# Proposed Tax Break for Buying Electric Vehicles Is Too Hard to Get, Auto Makers Say



## Joe90 (7 mo ago)

Good article from the WSJ.


----------



## Joe90 (7 mo ago)




----------



## Joe90 (7 mo ago)

We need to bring back the processing of raw materials to friendly countries. We can't be tied to China like Europe is with Russia.


----------



## SalisburySam (Jun 6, 2018)

Joe90 said:


> Good article from the WSJ.


Agree, typical well-written info piece from the Journal…and I learned a new word: decadal. Not really new, origin is back in 1745, but hey, now looking for every opportunity to use it in a sentence (thank you Mrs. Scott, 8th grade English teacher).

At any rate, I think the TL;DR version is that without major rewording, the chances of getting a tax credit for buying an EV are so low as to no longer be a factor in purchase decisions.

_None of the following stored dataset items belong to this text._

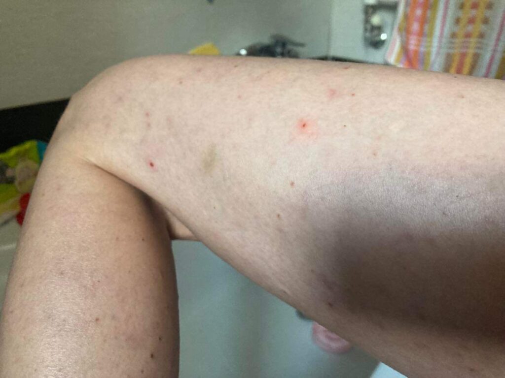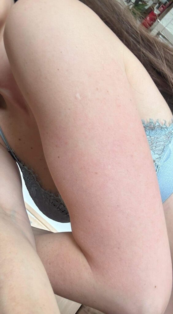 V té době jsem si všímala, že se mi nejprve na stehnech dělají zanícené pupínky, které se ozývaly svěděním. Někdy to byly zase bolavé velké červené boule občas 1-2 cm velké, takže nic hezkého. Bohužel se to rozšířilo všude možně po těle, na lýtka, paže, občas na dekolt, obličej, záda. Ty svědivé pupínky jsem si pravidelně rozškrábala, díky čemuž jsem měla neustále nějaké strupy a následně jizvy. Jeden známý mi v létě řekl, že vypadám, jakoby mě postřílel kulomet. To v hlavě 17 leté holky zůstane. Samozřejmě jsem se od té doby oblékala tak, abych nejlépe vše zakryla. Co se týče bazénů, saun, koupališť apod. To bylo pro mě dlouho tabu.
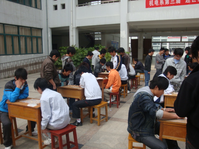 第三届机电系“迎世博”象棋比赛于4月25日在东教学楼天井广场举行。此次活动由机电系团总支、学生会体育部承办。
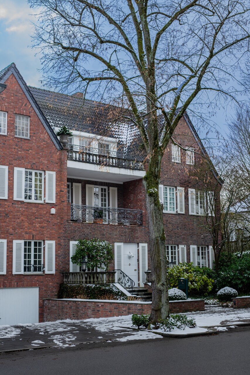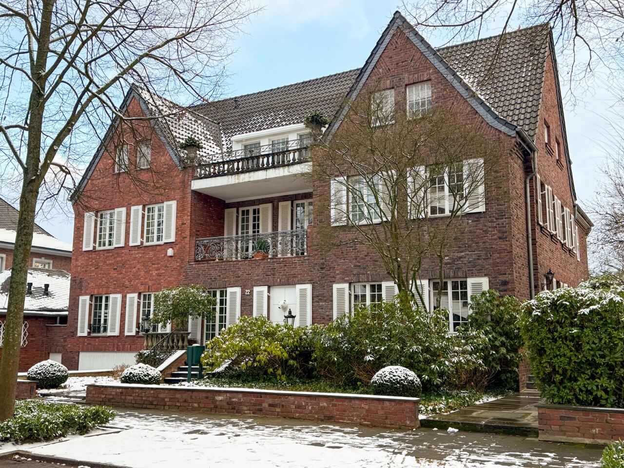 Zusätzlich verfügt die Wohnung über einen charmanten Balkon zur Hindenburgstraße, der mit einer Markise ausgestattet ist. Im gesamten Haus wurden Holz-Sprossenfenster verbaut, die dem Gebäude einen besonderen architektonischen Charakter verleihen.
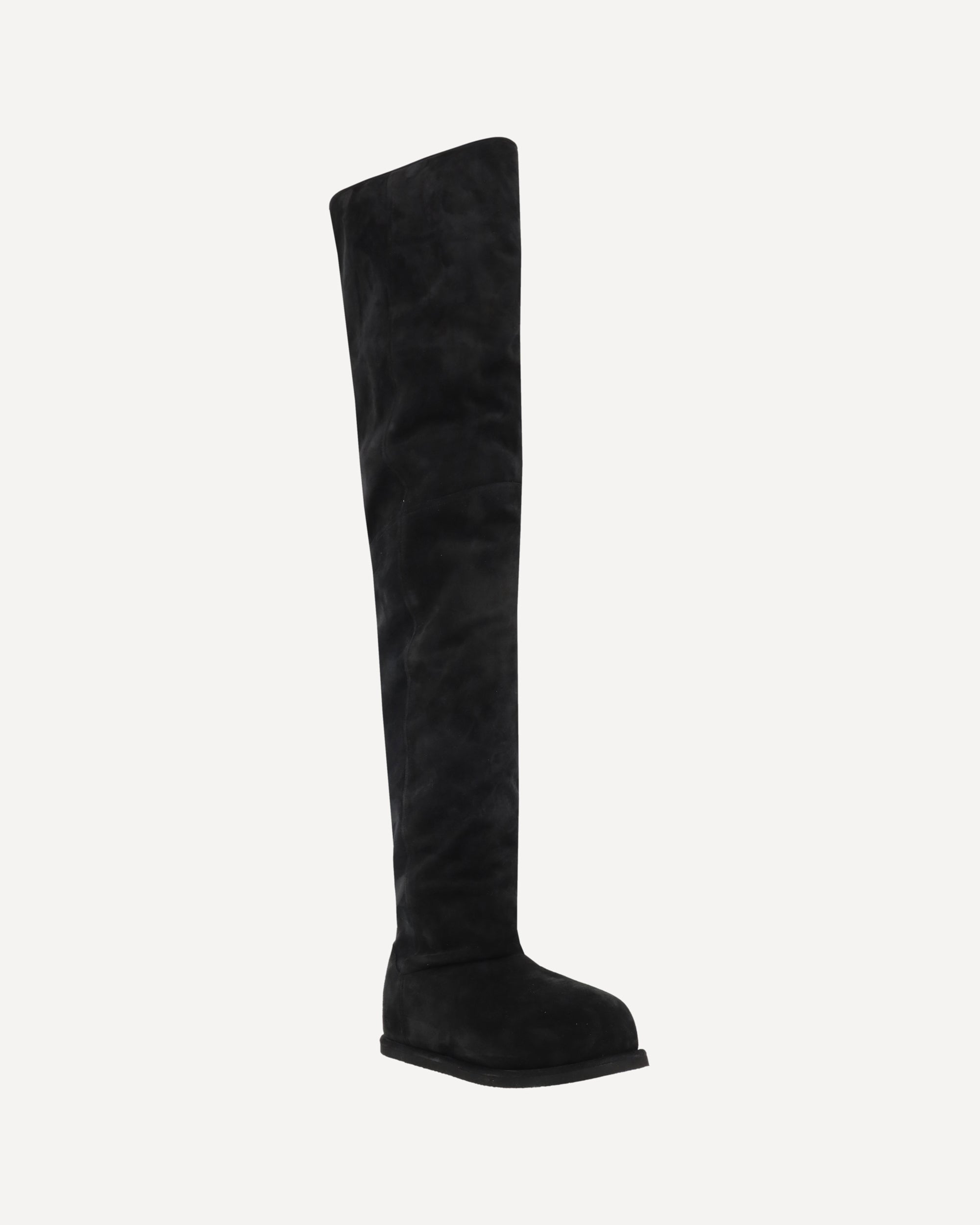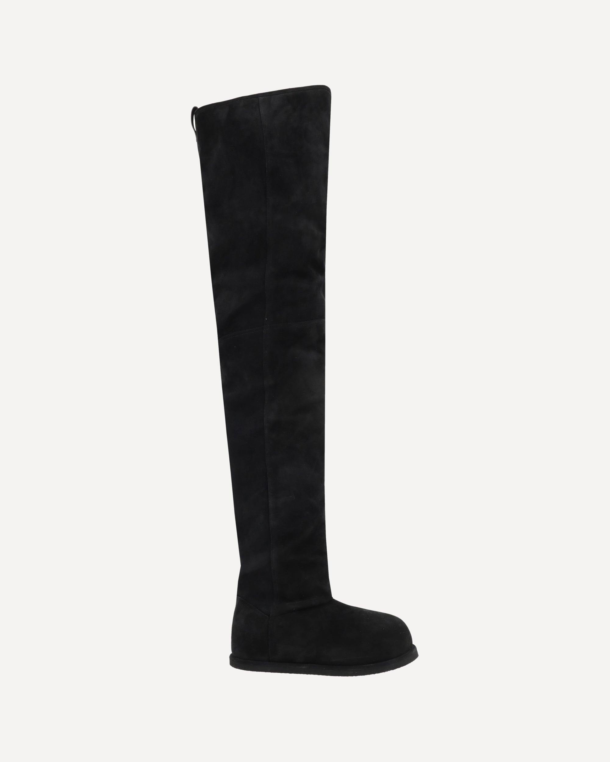 Amina Muaddi's Heidi suede Boots are a tall style with a round toe and flat sole. An elegant and sophisticated design, perfect for any occasion, combining comfort and style.
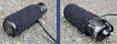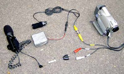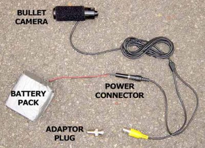External Microphone - using a bullet cam cancels out the camcorders internal mike, so an external mike is required. Jessops - costs about £25 and uses 1xAA battery.
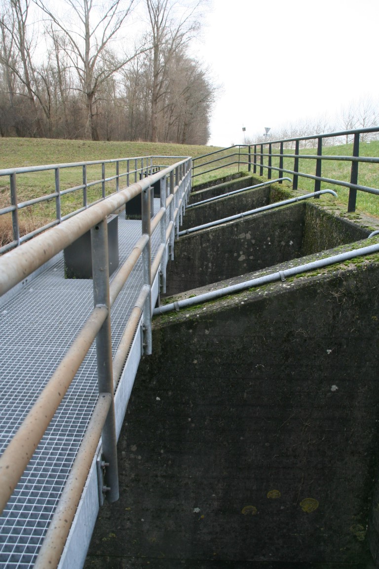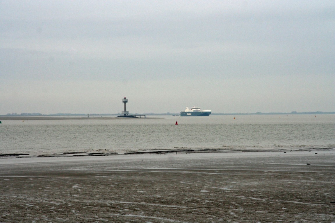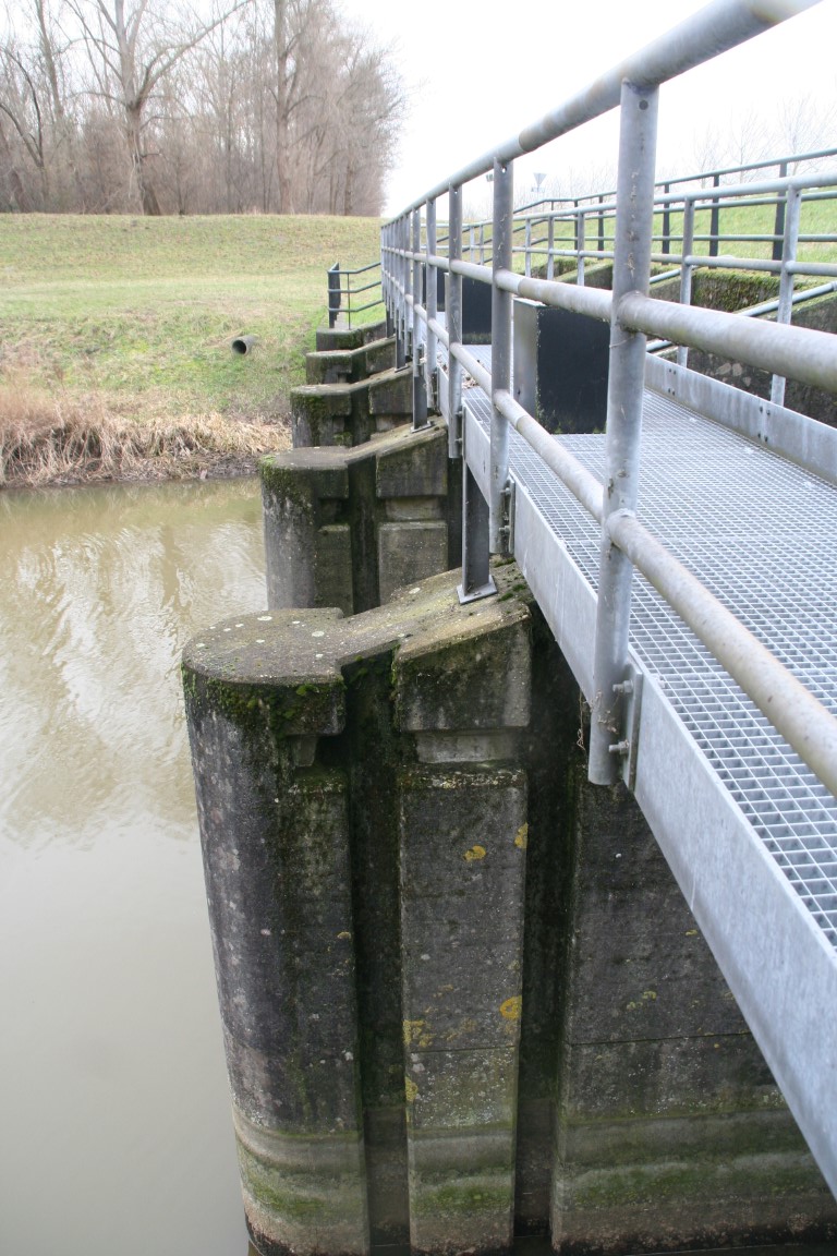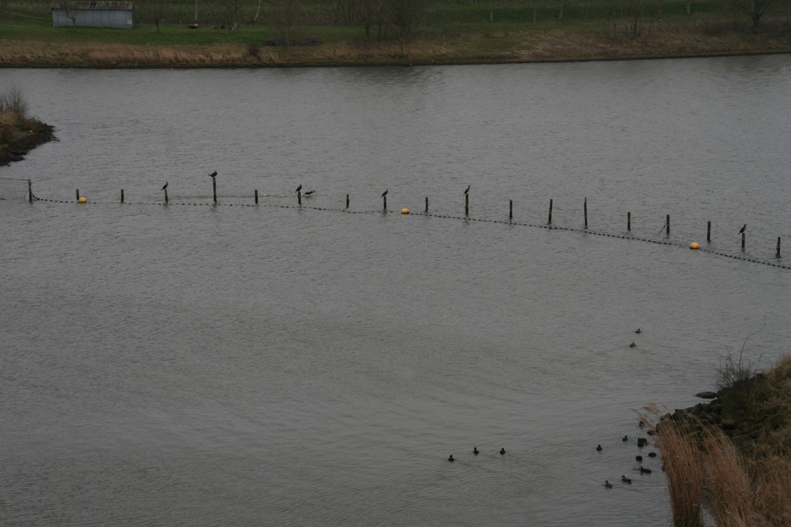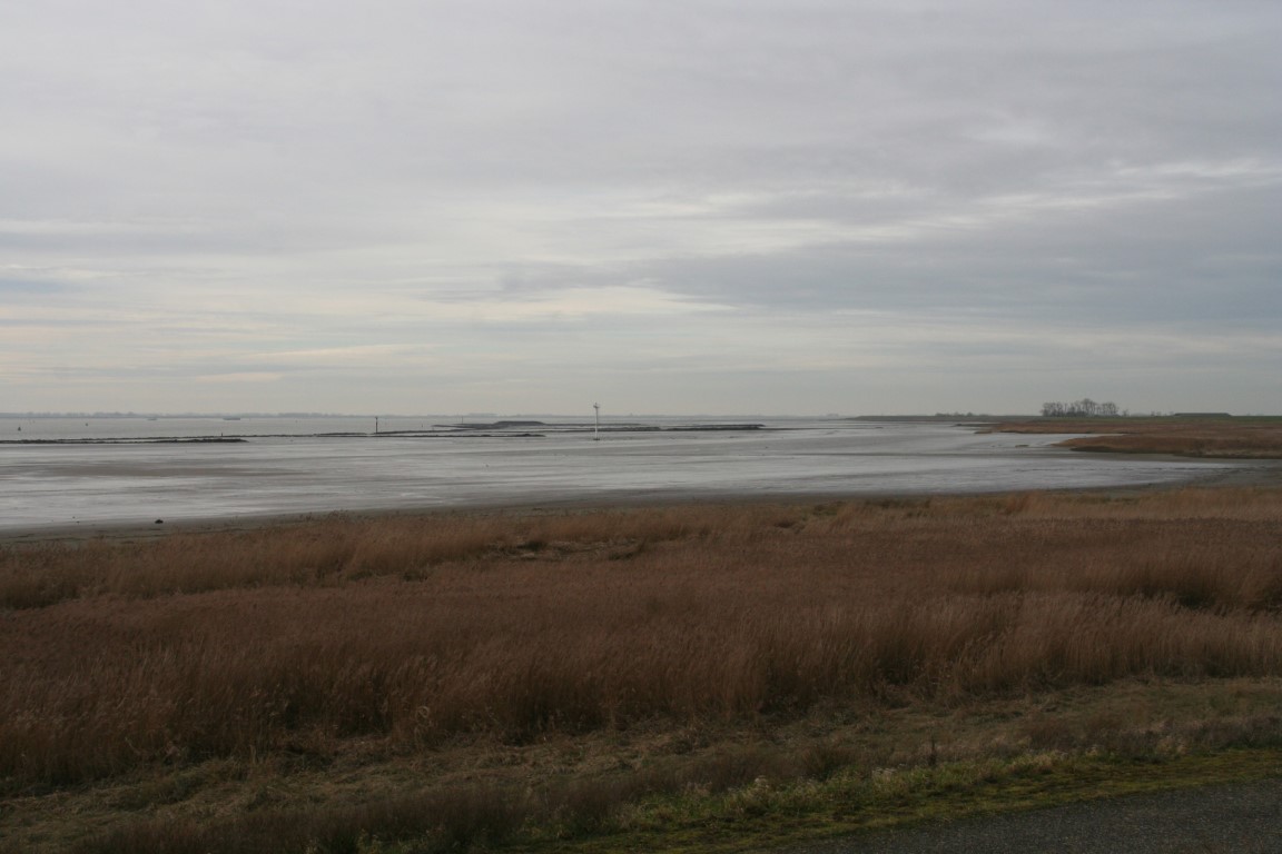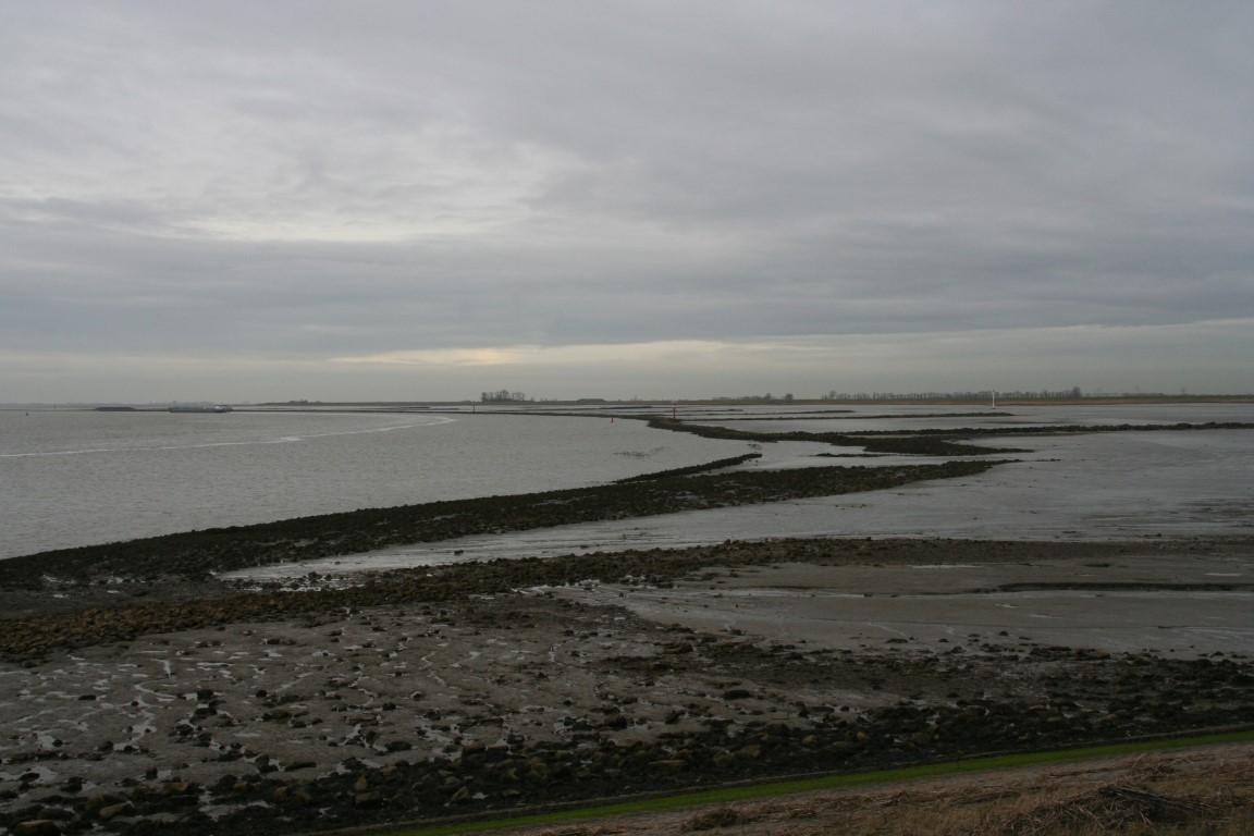 Eén van de 96 stroomgaten waar na de ramp in 1953 het water voor lange tijd dag en nacht naar binnen en buiten stroomde. Deze diepe gaten waren moeilijk te dicht te maken. Op deze paaltjes staat niet alleen waar het stroomgat vroeger was, maar ook wanneer deze is gerepareerd.
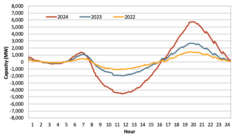 図1. カリフォルニアで蓄電池による日中の充電と夕方の放電の進展
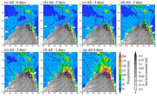Composite map of the variables for each prior day (a–f) and the day of extreme (g) for all ESL events at Cox’s Bazar during 1993–2006. Here, the analysis was performed for the period 1993–2006, considering the availability of gridded SLA data. The gray shading over the ocean represents SLA (m), and the color shading over the land represents accumulated precipitation during the five preceding days (mm). The contour and vector are for SLP (hPa) and surface wind (m/s), respectively. The rectangles denote the location of the Cox’s Bazar station. Please note that the sea level anomaly drawn here is defined as the deviation of sea level from its 20-year (1993–2012) climatological mean [37].
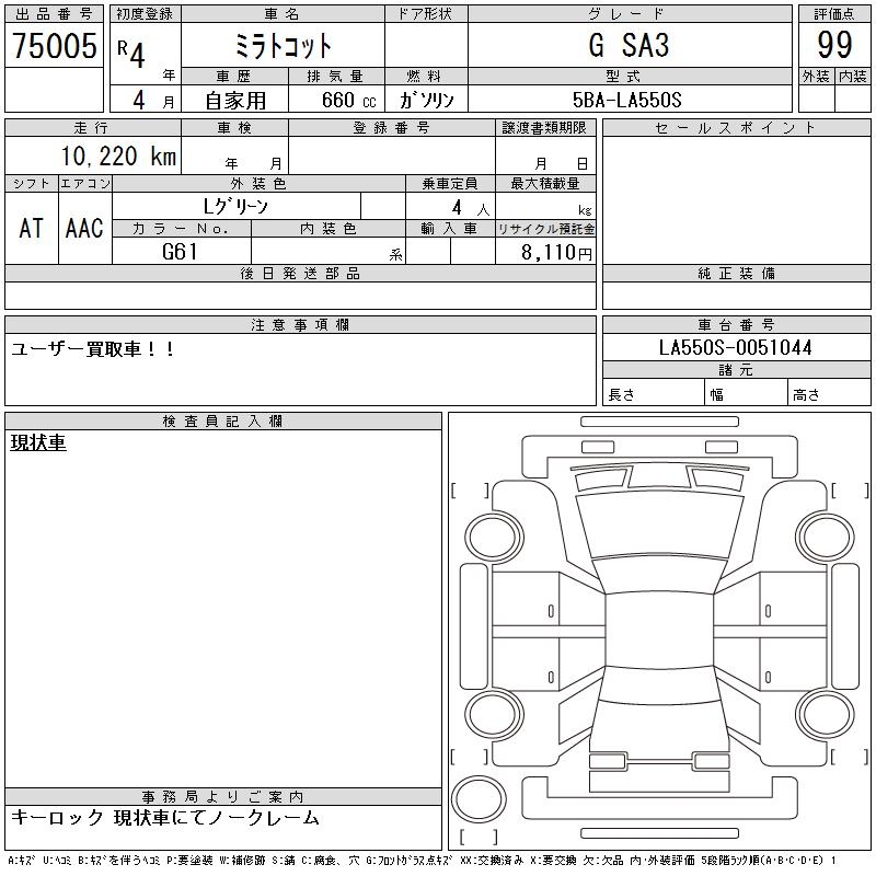 DAIHATSU MIRA TOCOT G SA3 - лот 75005

I get the push the gubmnt is trying to incentivize with the tax credits but the credits go to consumers, not to the entities that manufacture the products. Given that every EV that hits the lots is spoken for before it gets there, manufacturers have little real incentive to do anything and are free to continue to raise prices regardless of their costs. When demand tapers, that’s a whole new ballgame but that isn’t today’s reality. Could be a few years, maybe this is even decadal. (See what I did there?).


----------